__Required action__: A faithful copy is required: retype the records from their first line through the line with "招股書顯示,公司主要提供三類", and omit the pictures.
-- Exercise inputs follows --
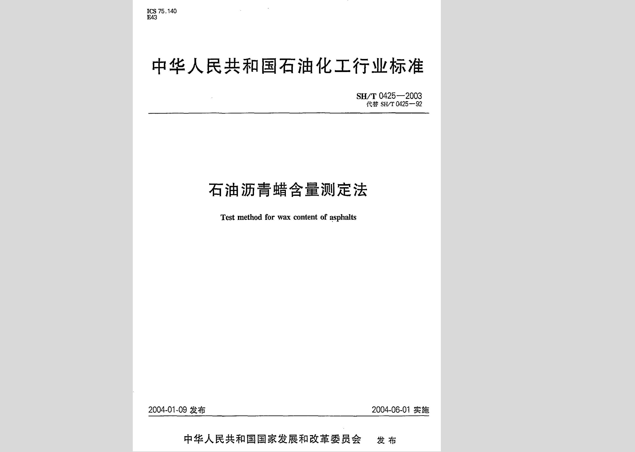 SH/T 0425-2003:石油沥青蜡含量测定法现行
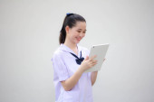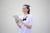 azjatyckie tajski gimnazjum student mundur piękna dziewczyna za pomocą jej telefon i uśmiech
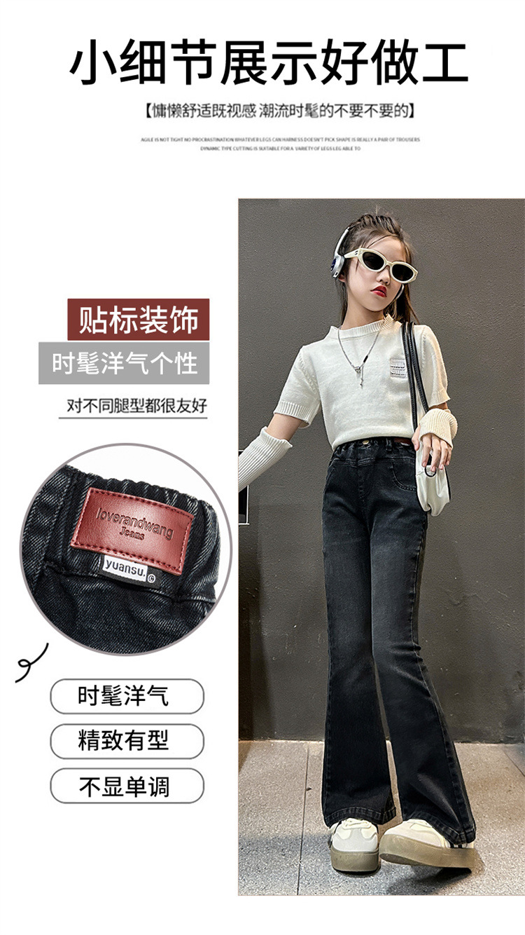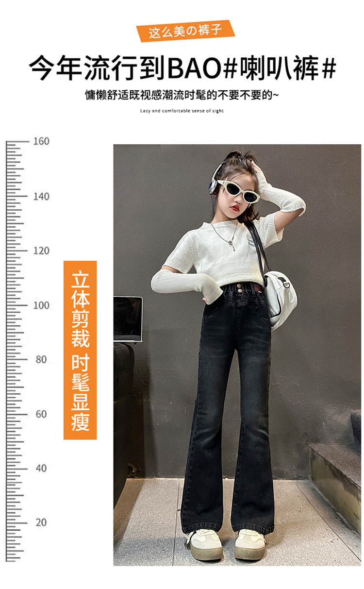 여아 바지 봄, 가을 겉옷 2025 새로운 스타일 중대형 아동용 스트레치 청바지 봄 아동용 플레어 바지스토어 가기
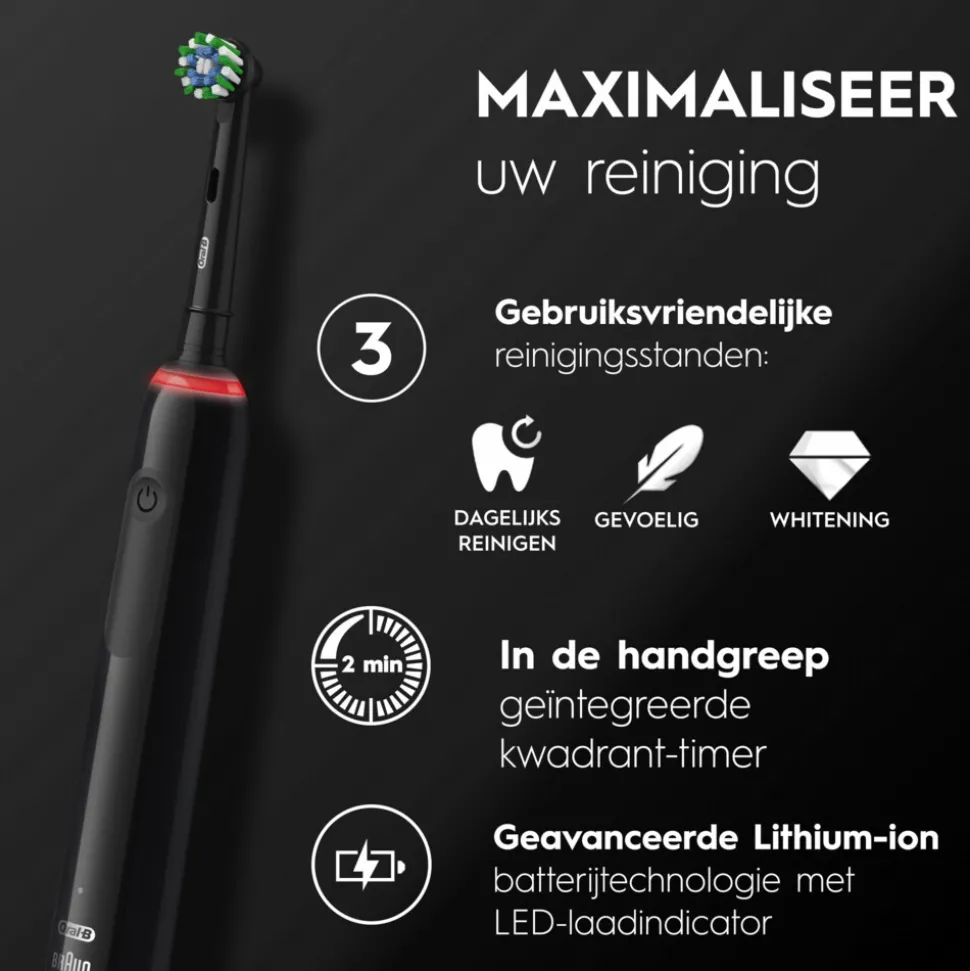 Ervaar de Oral-B Pro Series 3 van het nummer één meest gebruikte tandenborstelmerk door tandartsen wereldwijd. De Pro Series 3 elektrische tandenborstel helpt je te poetsen zoals jouw tandarts dat aanbeveelt: Het helpt je 2 minuten poetsen met de professionele timer en meldt je om de 30 seconden dat je een andere zone moet poetsen. Je beweegt de borstel gewoon in jouw mond en de unieke, ronde borstelkop van Oral-B doet de rest. Hij verwijdert tot 100% meer tandplak dan een gewone manuele tandenborstel voor gezonder tandvlees en maakt jouw glimlach witter vanaf de eerste poetsdag door oppervlakkige verkleuringen te verwijderen. Dat is niet alles, de tandenborstel helpt je ook jouw gevoelige tandvlees te beschermen met de 360 ̊ poetsdrukcontrole die de poetssnelheid vermindert en je waarschuwt als je te hard poetst. De Oral-B Pro Series 3 tandenborstel is onmisbaar voor iedereen die naar een elektrische tandenborstel wil overschakelen en zijn mondgezondheid wil verbeteren.
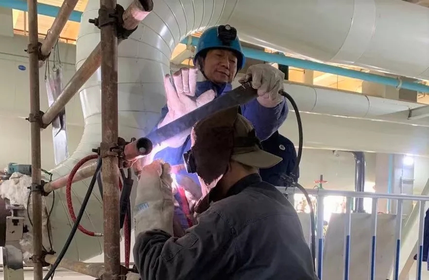到达当天,全部人员马不停蹄,即刻投入到紧张的检修工作中。此次#1号机组的临修,任务重、项目繁杂,除氧器取样门焊口、炉送风机供气母节漏点焊补、石膏旋流渗流管焊接……一项任务都是难啃的“硬骨头”,每一项工作都需要和多个专业协同进行,但大家没有一丝懈怠,一直全身心进行工作,即使春节期间也没有停工,每一名工作人员始终兢兢业业,从预热、焊接、到热处理、射线检测,每一个环节都做得一丝不苟、每一道工序都力求做到精益求精。
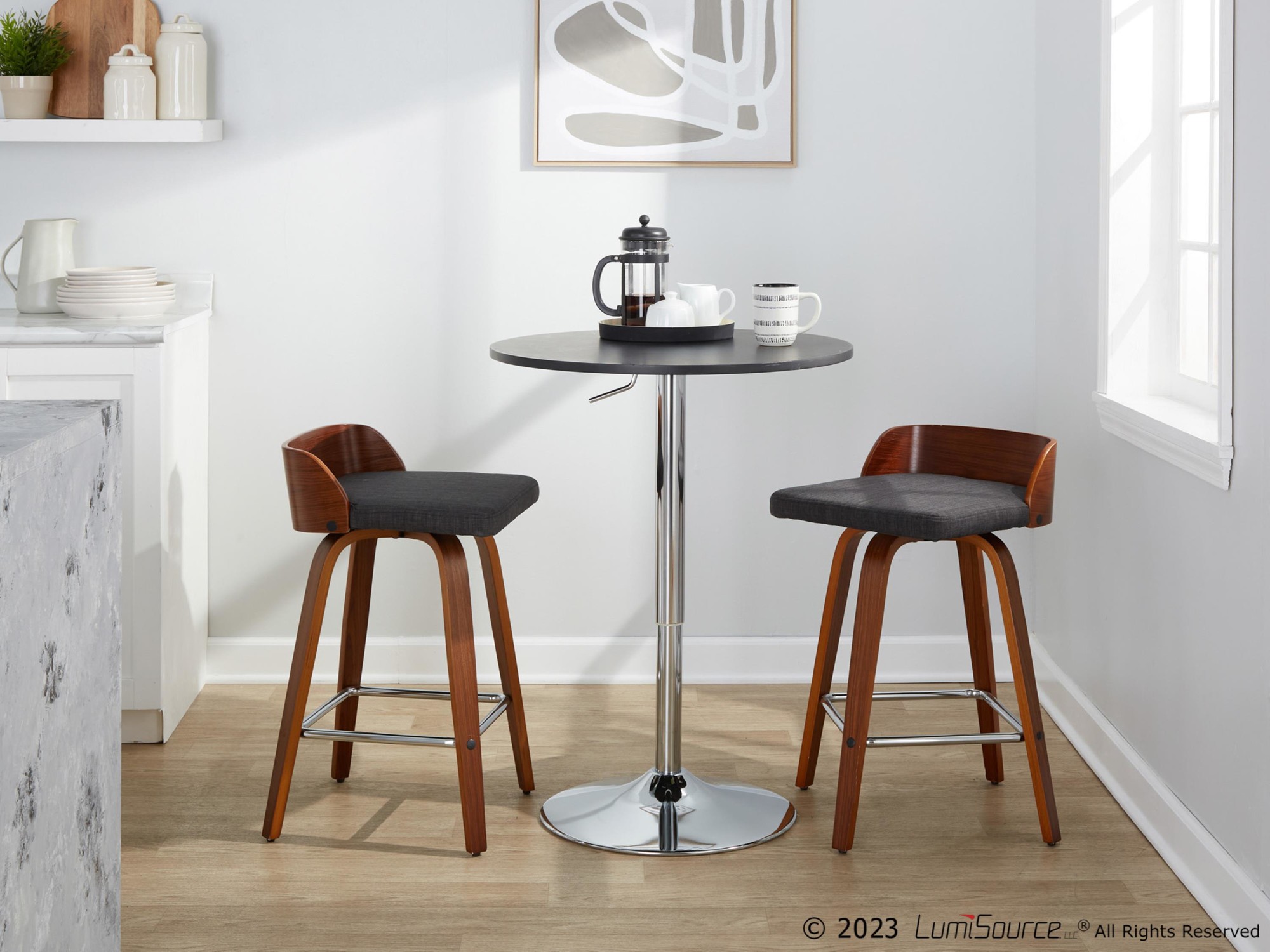 Maya 26-Inch Mid-Century Modern Walnut and Charcoal Swivel Stools (Set of 2)
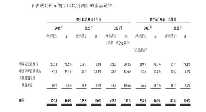 招股書顯示,公司主要提供三類產品,包括養(yǎng)身椅及按摩椅、精致皇牌按摩產品(包括臀腿和足部按摩器、肩頸和背部按摩器及便攜式按摩器)及其他健康生活體驗產品(包括電競按摩椅、室內運動及健康測量儀、空氣凈化器、加濕器、居家凈水器、旅游產品及美容產品)。
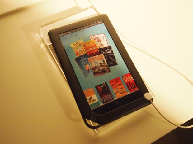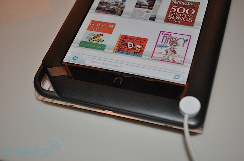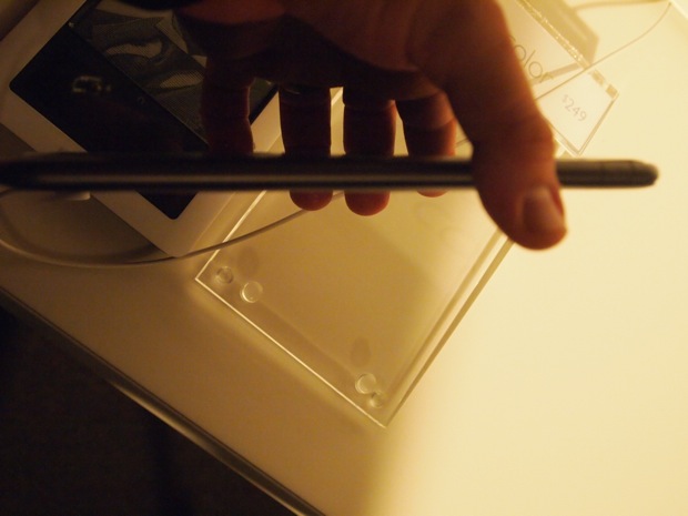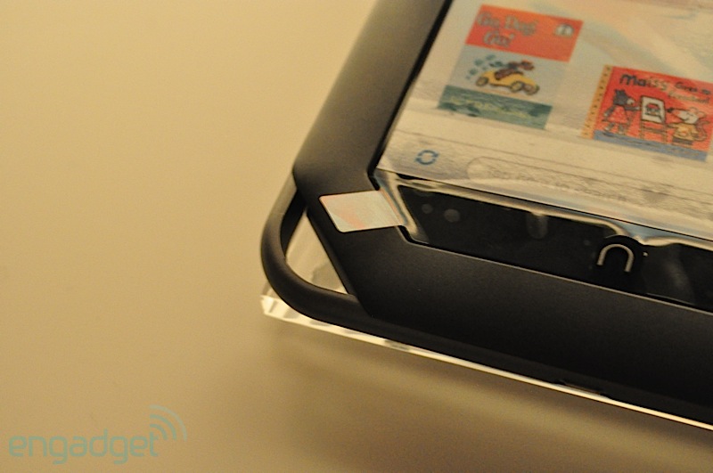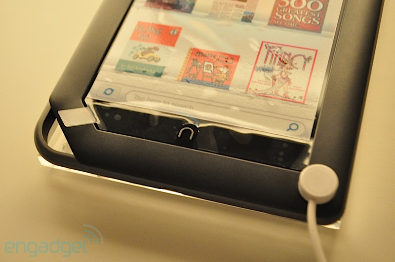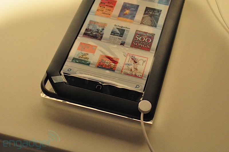 Now what I think might happen as a result of this little loop being here is a similar situation, this time with mostly text-based presentations. This pad becomes something that can be safely put down on a table and walked away from because it can be locked easily through this loop. People hoping to show of their book, magazine, newspaper or whatever as a publication that rises above the tactile experience of holding paper and gets down instead to the words. I don't know that I'd ever agree to such a presentation, as I'm a firm believer in the eternal nature of the book, but it could be neat!
-- Exercise inputs concluded --
__Task solution__:
 SH/T 0425-2003:石油沥青蜡含量测定法现行
 azjatyckie tajski gimnazjum student mundur piękna dziewczyna za pomocą jej telefon i uśmiech
 여아 바지 봄, 가을 겉옷 2025 새로운 스타일 중대형 아동용 스트레치 청바지 봄 아동용 플레어 바지스토어 가기
 Ervaar de Oral-B Pro Series 3 van het nummer één meest gebruikte tandenborstelmerk door tandartsen wereldwijd. De Pro Series 3 elektrische tandenborstel helpt je te poetsen zoals jouw tandarts dat aanbeveelt: Het helpt je 2 minuten poetsen met de professionele timer en meldt je om de 30 seconden dat je een andere zone moet poetsen. Je beweegt de borstel gewoon in jouw mond en de unieke, ronde borstelkop van Oral-B doet de rest. Hij verwijdert tot 100% meer tandplak dan een gewone manuele tandenborstel voor gezonder tandvlees en maakt jouw glimlach witter vanaf de eerste poetsdag door oppervlakkige verkleuringen te verwijderen. Dat is niet alles, de tandenborstel helpt je ook jouw gevoelige tandvlees te beschermen met de 360 ̊ poetsdrukcontrole die de poetssnelheid vermindert en je waarschuwt als je te hard poetst. De Oral-B Pro Series 3 tandenborstel is onmisbaar voor iedereen die naar een elektrische tandenborstel wil overschakelen en zijn mondgezondheid wil verbeteren.
到达当天,全部人员马不停蹄,即刻投入到紧张的检修工作中。此次#1号机组的临修,任务重、项目繁杂,除氧器取样门焊口、炉送风机供气母节漏点焊补、石膏旋流渗流管焊接……一项任务都是难啃的“硬骨头”,每一项工作都需要和多个专业协同进行,但大家没有一丝懈怠,一直全身心进行工作,即使春节期间也没有停工,每一名工作人员始终兢兢业业,从预热、焊接、到热处理、射线检测,每一个环节都做得一丝不苟、每一道工序都力求做到精益求精。
 Maya 26-Inch Mid-Century Modern Walnut and Charcoal Swivel Stools (Set of 2)
 招股書顯示,公司主要提供三類產品,包括養(yǎng)身椅及按摩椅、精致皇牌按摩產品(包括臀腿和足部按摩器、肩頸和背部按摩器及便攜式按摩器)及其他健康生活體驗產品(包括電競按摩椅、室內運動及健康測量儀、空氣凈化器、加濕器、居家凈水器、旅游產品及美容產品)。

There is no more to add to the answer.